[Opening Input for this task section]

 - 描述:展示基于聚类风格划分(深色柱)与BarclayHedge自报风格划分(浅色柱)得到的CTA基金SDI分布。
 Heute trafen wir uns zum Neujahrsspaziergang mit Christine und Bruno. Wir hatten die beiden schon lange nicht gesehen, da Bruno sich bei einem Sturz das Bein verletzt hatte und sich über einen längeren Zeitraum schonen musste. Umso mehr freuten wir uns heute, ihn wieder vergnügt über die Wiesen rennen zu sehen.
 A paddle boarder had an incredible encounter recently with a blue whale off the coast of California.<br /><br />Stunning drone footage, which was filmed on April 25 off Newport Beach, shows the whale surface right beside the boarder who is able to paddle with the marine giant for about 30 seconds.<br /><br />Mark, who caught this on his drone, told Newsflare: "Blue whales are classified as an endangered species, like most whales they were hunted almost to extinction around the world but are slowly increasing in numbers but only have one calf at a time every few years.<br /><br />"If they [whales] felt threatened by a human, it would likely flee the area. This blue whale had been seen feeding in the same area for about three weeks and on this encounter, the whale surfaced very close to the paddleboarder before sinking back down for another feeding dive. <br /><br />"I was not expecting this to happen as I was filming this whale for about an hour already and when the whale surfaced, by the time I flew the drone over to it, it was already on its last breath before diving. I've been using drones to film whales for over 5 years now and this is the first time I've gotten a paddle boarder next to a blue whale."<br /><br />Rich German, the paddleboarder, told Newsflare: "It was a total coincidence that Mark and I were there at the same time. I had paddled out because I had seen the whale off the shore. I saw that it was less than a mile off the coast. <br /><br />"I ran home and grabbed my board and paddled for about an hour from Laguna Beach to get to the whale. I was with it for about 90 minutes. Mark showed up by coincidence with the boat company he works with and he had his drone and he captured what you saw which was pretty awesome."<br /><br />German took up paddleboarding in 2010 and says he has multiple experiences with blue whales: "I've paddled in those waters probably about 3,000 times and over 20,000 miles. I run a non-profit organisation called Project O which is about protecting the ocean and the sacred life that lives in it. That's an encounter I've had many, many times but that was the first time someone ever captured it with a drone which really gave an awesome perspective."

[Closing Input for this task section]
[Opening Input for this task section]

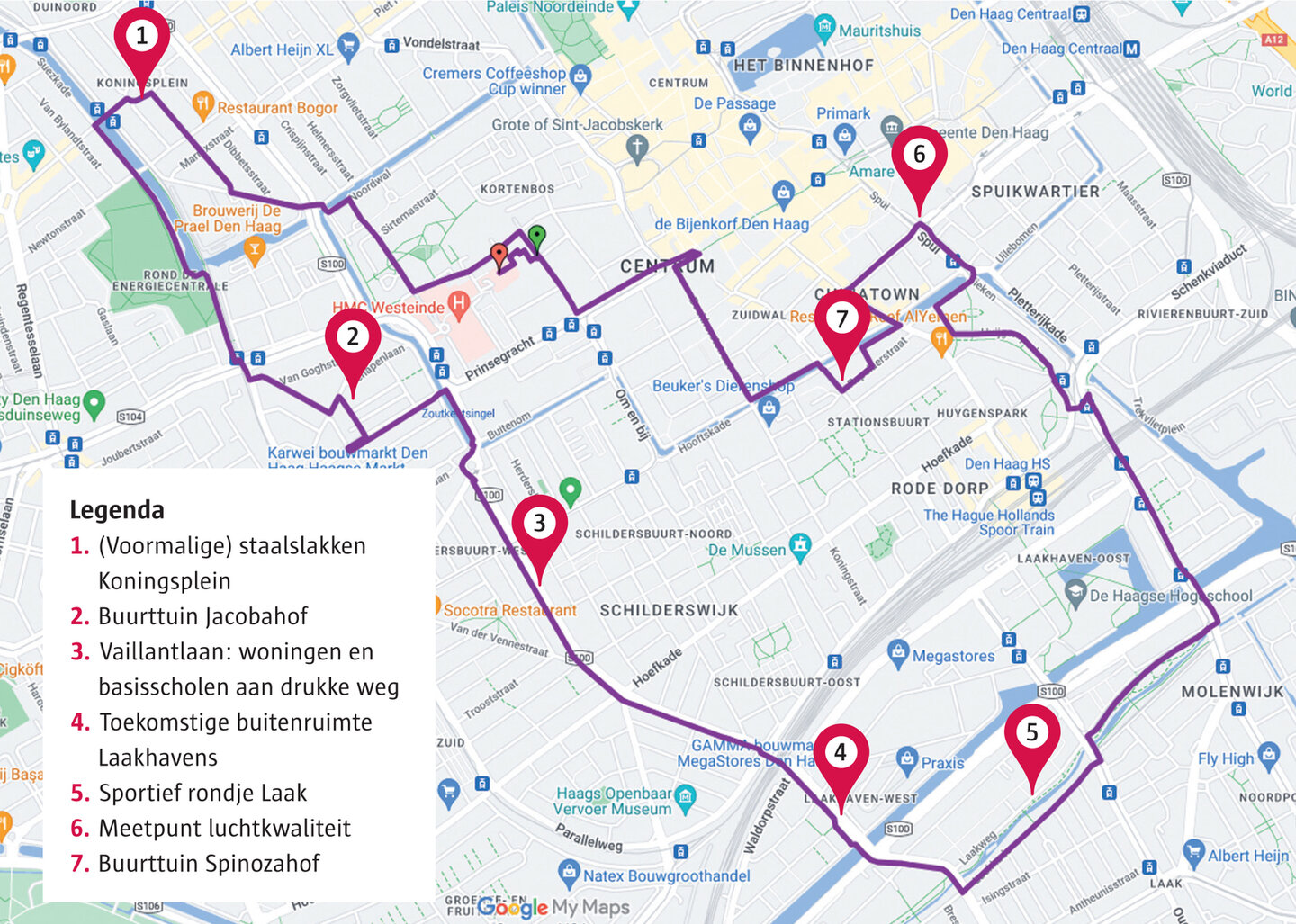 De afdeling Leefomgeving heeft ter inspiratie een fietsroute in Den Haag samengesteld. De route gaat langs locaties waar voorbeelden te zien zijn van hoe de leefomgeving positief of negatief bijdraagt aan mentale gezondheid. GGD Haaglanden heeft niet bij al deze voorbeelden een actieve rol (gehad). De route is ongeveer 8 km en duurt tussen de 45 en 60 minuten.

[Closing Input for this task section]

* _What is required_: Beginning with the line containing "- 描述:展示基于聚类风格划" and ending with the line containing "Heute trafen wir", extract those lines exactly from the listing above, and only those.

* _Answer to this exercise_:
 - 描述:展示基于聚类风格划分(深色柱)与BarclayHedge自报风格划分(浅色柱)得到的CTA基金SDI分布。
 Heute trafen wir uns zum Neujahrsspaziergang mit Christine und Bruno. Wir hatten die beiden schon lange nicht gesehen, da Bruno sich bei einem Sturz das Bein verletzt hatte und sich über einen längeren Zeitraum schonen musste. Umso mehr freuten wir uns heute, ihn wieder vergnügt über die Wiesen rennen zu sehen.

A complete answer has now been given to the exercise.